- Work request
Repeat the listing below word for word, minus the pictures.

- Information shown

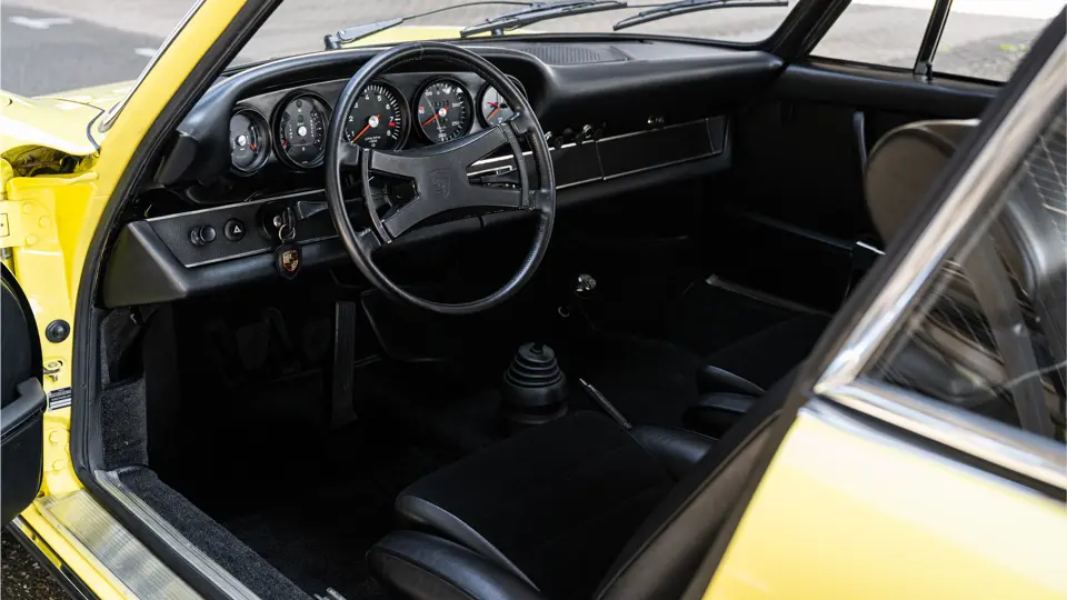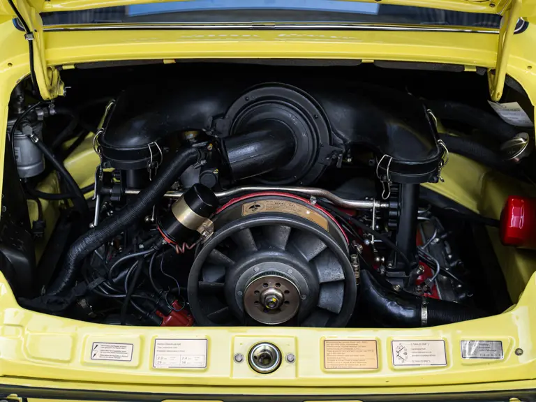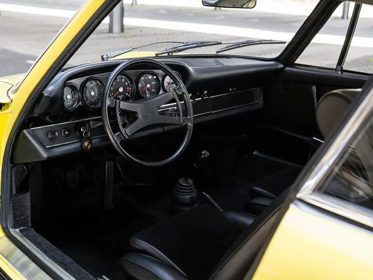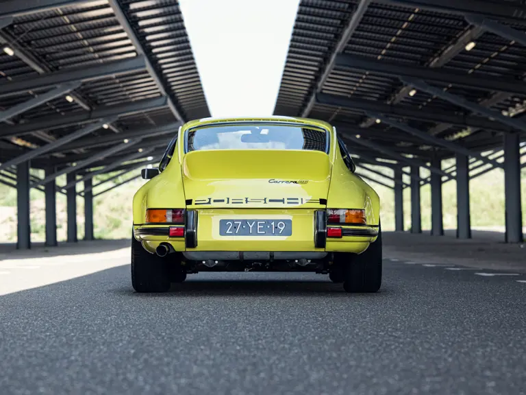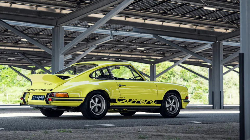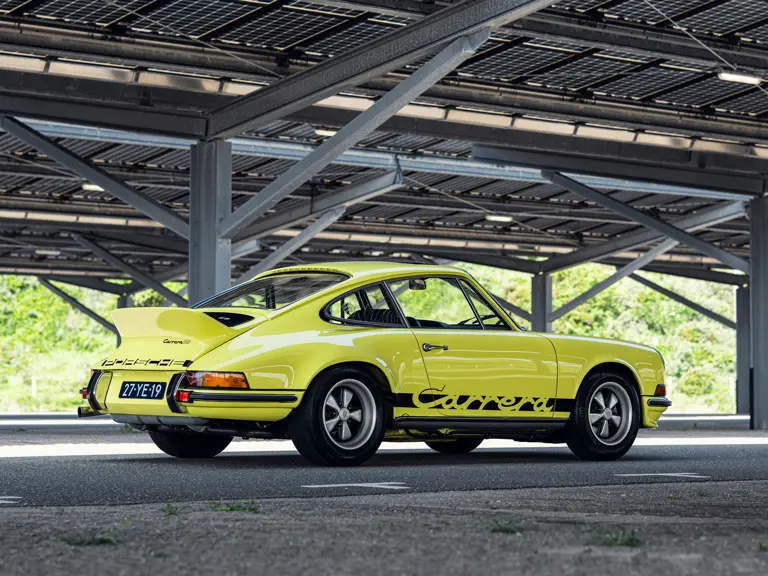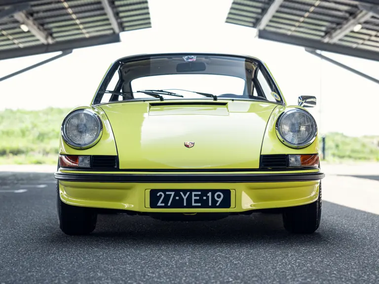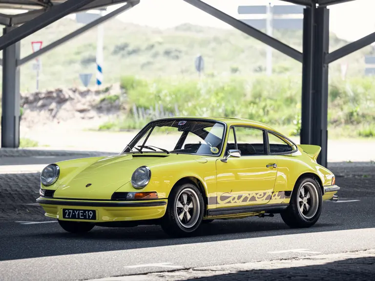 Dieser sofort an seinem „Entenbürzel“-Spoiler erkennbare Porsche 911 Carrera RS 2.7 wurde im April 1973 fertiggestellt und über die Münchner MAHAG ausgeliefert. Ab Werk hellgelb, wurde der Wagen mit elektrischem Schiebedach, elektrischen Fensterhebern und beheizter Heckscheibe bestellt. Geordert wurde auch die Option „M472“, was ihn als eines der begehrten Touring-Modelle ausweist.
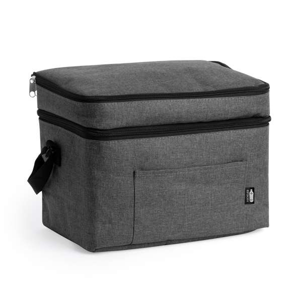 Nevera XL de poliéster reciclado RPET con diseño vigoré. Doble compartimento y bolsillo frontal. Interior isométrico. Más capacidad para llevar la comida y bebida de manera más cómoda.
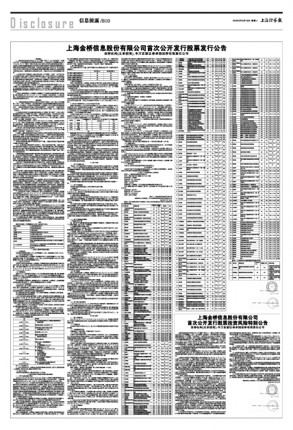 上海金桥信息股份有限公司首次公开发行股票发行公告
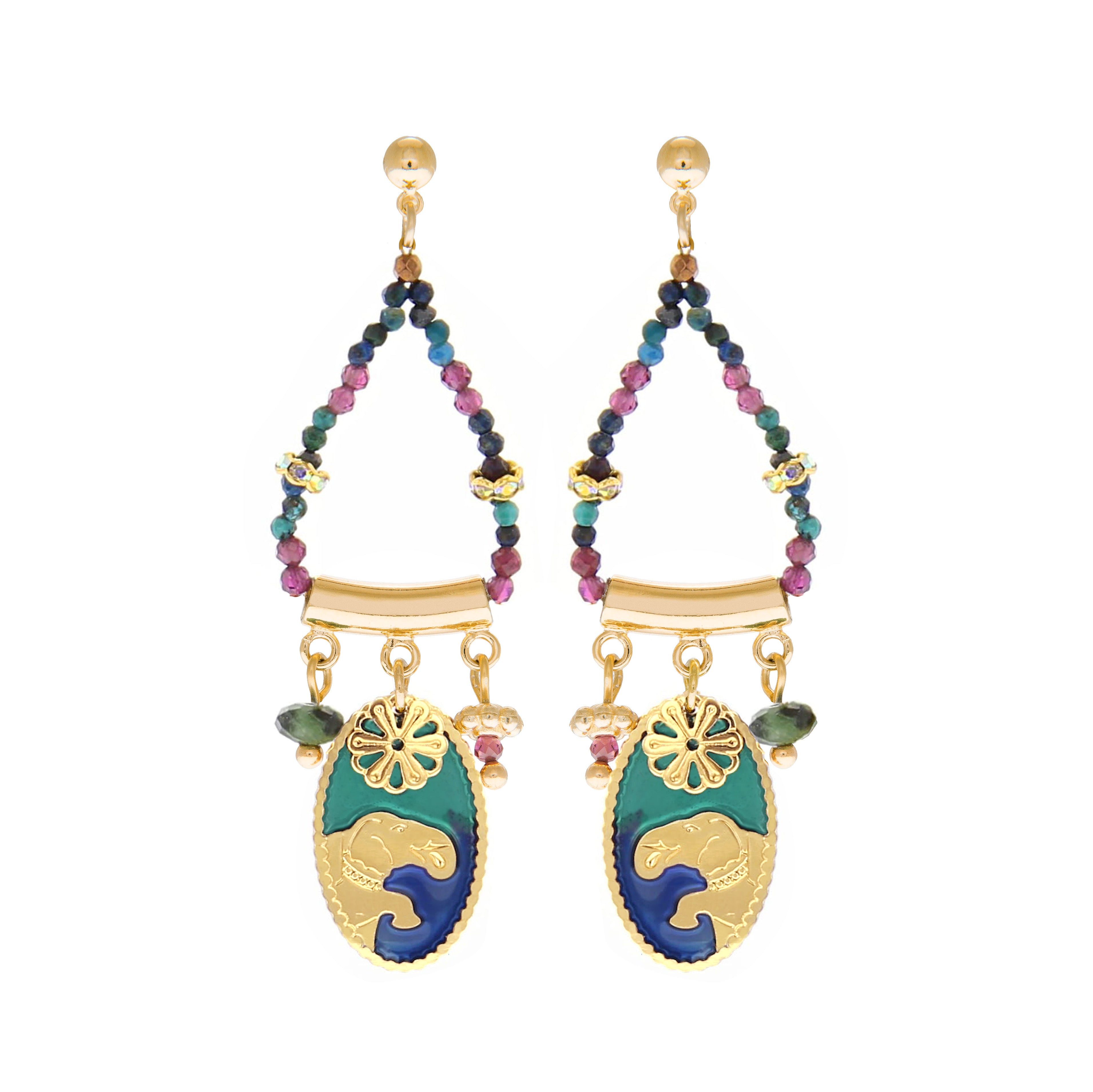 Éléphants porte-bonheur, symboles végétaux, pierres chatoyantes s’entremèlent dans cette collection afin de vous partager au mieux mes émotions durant ce voyage.

- Task solution
 Dieser sofort an seinem „Entenbürzel“-Spoiler erkennbare Porsche 911 Carrera RS 2.7 wurde im April 1973 fertiggestellt und über die Münchner MAHAG ausgeliefert. Ab Werk hellgelb, wurde der Wagen mit elektrischem Schiebedach, elektrischen Fensterhebern und beheizter Heckscheibe bestellt. Geordert wurde auch die Option „M472“, was ihn als eines der begehrten Touring-Modelle ausweist.
 Nevera XL de poliéster reciclado RPET con diseño vigoré. Doble compartimento y bolsillo frontal. Interior isométrico. Más capacidad para llevar la comida y bebida de manera más cómoda.
 上海金桥信息股份有限公司首次公开发行股票发行公告
 Éléphants porte-bonheur, symboles végétaux, pierres chatoyantes s’entremèlent dans cette collection afin de vous partager au mieux mes émotions durant ce voyage.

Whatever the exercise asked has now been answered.